You can't feed a 500-page document directly to an AI (too large, too expensive)
RAG finds only the relevant parts and sends those to the AI
Results in accurate, grounded answers based on YOUR documents

Quick Start

1. Clone the Repository

git clone https://github.com/AlonNaor22/Smart-Document-QA-Agent.git
cd Smart-Document-QA-Agent

2. Set Up Virtual Environment

# Create virtual environment
python -m venv venv

# Activate it
# Windows:
venv\Scripts\activate
# Mac/Linux:
source venv/bin/activate

3. Install Dependencies

pip install -r requirements.txt

4. Add Your API Key

Create a .env file in the project root:

ANTHROPIC_API_KEY=your_api_key_here

Get your API key from console.anthropic.com

5. Run the Application

Option A: Command Line Interface

python main.py

Option B: Web Interface (Recommended)

streamlit run app.py

Supported File Formats

Format	Extension	Description
PDF	`.pdf`	Adobe PDF documents
Word	`.docx`	Microsoft Word documents
Text	`.txt`	Plain text files
Markdown	`.md`	Markdown files

Usage

CLI Commands

Command	Description
`[any question]`	Ask about your document(s)
`quit` or `exit`	Leave the application
`new`	Load different document(s)
`clear`	Clear conversation history
`help`	Show available commands

Loading Documents

Single File:

Enter the path to your document OR folder
> C:\path\to\document.pdf

Multiple Files (Folder):

Enter the path to your document OR folder
> C:\path\to\folder

The system will automatically find and load all supported files in the folder.

Project Structure

Smart-Document-QA-Agent/
├── main.py                 # CLI entry point
├── app.py                  # Web UI (Streamlit)
├── requirements.txt        # Python dependencies
├── .env                    # API key (create this)
├── src/
│   ├── config.py           # All settings in one place
│   ├── document_loader.py  # Multi-format document loading
│   ├── vector_store.py     # Embeddings & ChromaDB
│   └── qa_chain.py         # Q&A logic with Claude
├── data/                   # Place your documents here
└── chroma_db/              # Vector database (auto-created)

Configuration

All settings are in src/config.py:

Setting	Default	Description
`CHUNK_SIZE`	1000	Characters per text chunk
`CHUNK_OVERLAP`	200	Overlap between chunks
`TOP_K_RESULTS`	4	Number of chunks to retrieve
`MODEL_NAME`	claude-sonnet-4-5	Claude model to use
`TEMPERATURE`	0.0	Response randomness (0 = deterministic)

Technologies Used

LangChain - RAG pipeline orchestration
Anthropic Claude - LLM for question answering
ChromaDB - Vector database
HuggingFace - Embeddings model (all-MiniLM-L6-v2)
Streamlit - Web interface
PyPDF - PDF text extraction
docx2txt - Word document extraction

Understanding Confidence Scores

When you ask a question, each source chunk shows a confidence score:

Score	Meaning	Color (Web UI)
80-100%	Highly relevant - strong match	Green
60-79%	Good relevance - likely useful	Orange
Below 60%	Lower relevance - may be tangential	Red

Learning Resources

This project is documented for learning purposes.
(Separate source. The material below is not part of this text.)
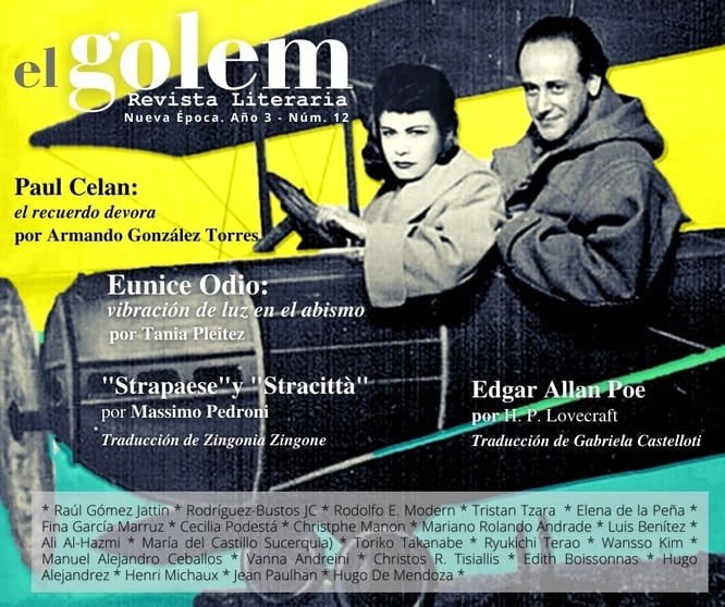 ENSAYO: Paul Celan: el recuerdo devora. Por Armando González Torres ● Eunice Odio: vibración de luz en el abismo. Por Tania Pleitez ● "Strapaese" y "Stracittà": los movimientos culturales a favor y en contra de la revolución tecnológica en la italia de los años ’20. Por Massimo Pedroni (traducción de Zingonia Zingone) ● Edgar Allan Poe. Por Howard Philips Lovecraft (traducción de Gabriela Ellena Castelloti) ● Enzia Verduchi en medio de la locura de Raúl Gómez Jattin. Por Rodríguez-Bustos JC ● POESÍA: Fuga Sobre la muerte. Por Paul Celan (traducción de Rodolfo E. Modern) ● Poesía de Eunice Odio ● Una exposición de Francis Picabia. Por Tristan Tzara (traducción de Elena de la Peña) ● Monólogos. Por Fina García Marruz ● Poesía de Raúl Gómez Jattin ● Baladas de los mares del norte. Por Mariano Rolando Andrade ● El mal parto de la luz. Por Cecilia Podestá ● Provisorios (extractos). Por Christphe Manon (traducción de Mariano Rolando Andrade) ● Poesía de Luis Benítez ● Poesía de Ali Al-Hazmi (traducción de María del Castillo Sucerquia) ● Tres poemas de Toriko Takanabe (traducción de Ryukichi Terao) ● Poesía de Wansso Kim (traducción de María del Castillo Sucerquia) ● Tres Antileyes de Newton. Por Manuel Alejandro Ceballos ● Poesía de Vanna Andreini ● Poesía de Christos R. Tisiallis (traducción de María del Castillo Sucerquia) ● NARRATIVA: Diario para mí sola (fragmentos). Por Edith Boissonnas (traducción de Hugo Alejandrez) ●

Each source file contains:

Detailed docstrings explaining the concepts
Inline comments explaining WHY, not just WHAT
Educational notes section with tips for extending

Key concepts covered:

RAG (Retrieval Augmented Generation)
Text embeddings and vector similarity
Prompt engineering
Conversation memory
Multi-document retrieval

License

MIT License - Feel free to use this project for learning or as a starting point for your own applications.

Author

Built as a portfolio project to demonstrate RAG implementation with LangChain and Claude.
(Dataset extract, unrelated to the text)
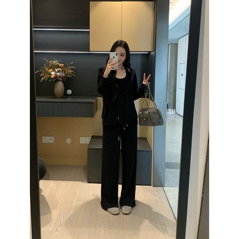 休闲周刊 显瘦休闲套装 秋冬空气层连帽卫衣 长裤 女 背心 XINYI

Name		Name	Last commit message	Last commit date
Latest commit History 5 Commits
src		src
.env.example		.env.example
.gitignore		.gitignore
README.md		README.md
app.py		app.py
main.py		main.py
requirements.txt		requirements.txt

Provide feedback

Saved searches

Use saved searches to filter your results more quickly

Repository files navigation

Smart Document Q&A Agent

Features

Screenshots

Web Interface

How It Works (RAG Pipeline)

Quick Start

1. Clone the Repository

2. Set Up Virtual Environment

3. Install Dependencies

4. Add Your API Key

5. Run the Application

Supported File Formats

Usage

CLI Commands

Loading Documents

Project Structure

Configuration

Technologies Used

Understanding Confidence Scores

Learning Resources

License

Author

About

Uh oh!

Releases

Packages

Uh oh!

Contributors

Uh oh!

Languages

Folders and files

Latest commit

History

Repository files navigation

Smart Document Q&A Agent

Features

Screenshots

Web Interface

How It Works (RAG Pipeline)

Quick Start

1. Clone the Repository

2. Set Up Virtual Environment

3. Install Dependencies

4. Add Your API Key

5. Run the Application

Supported File Formats

Usage

CLI Commands

Loading Documents

Project Structure

Configuration

Technologies Used

Understanding Confidence Scores

Learning Resources

License

Author

About

Resources

Uh oh!

Stars

Watchers

Forks

Releases

Packages 0

Uh oh!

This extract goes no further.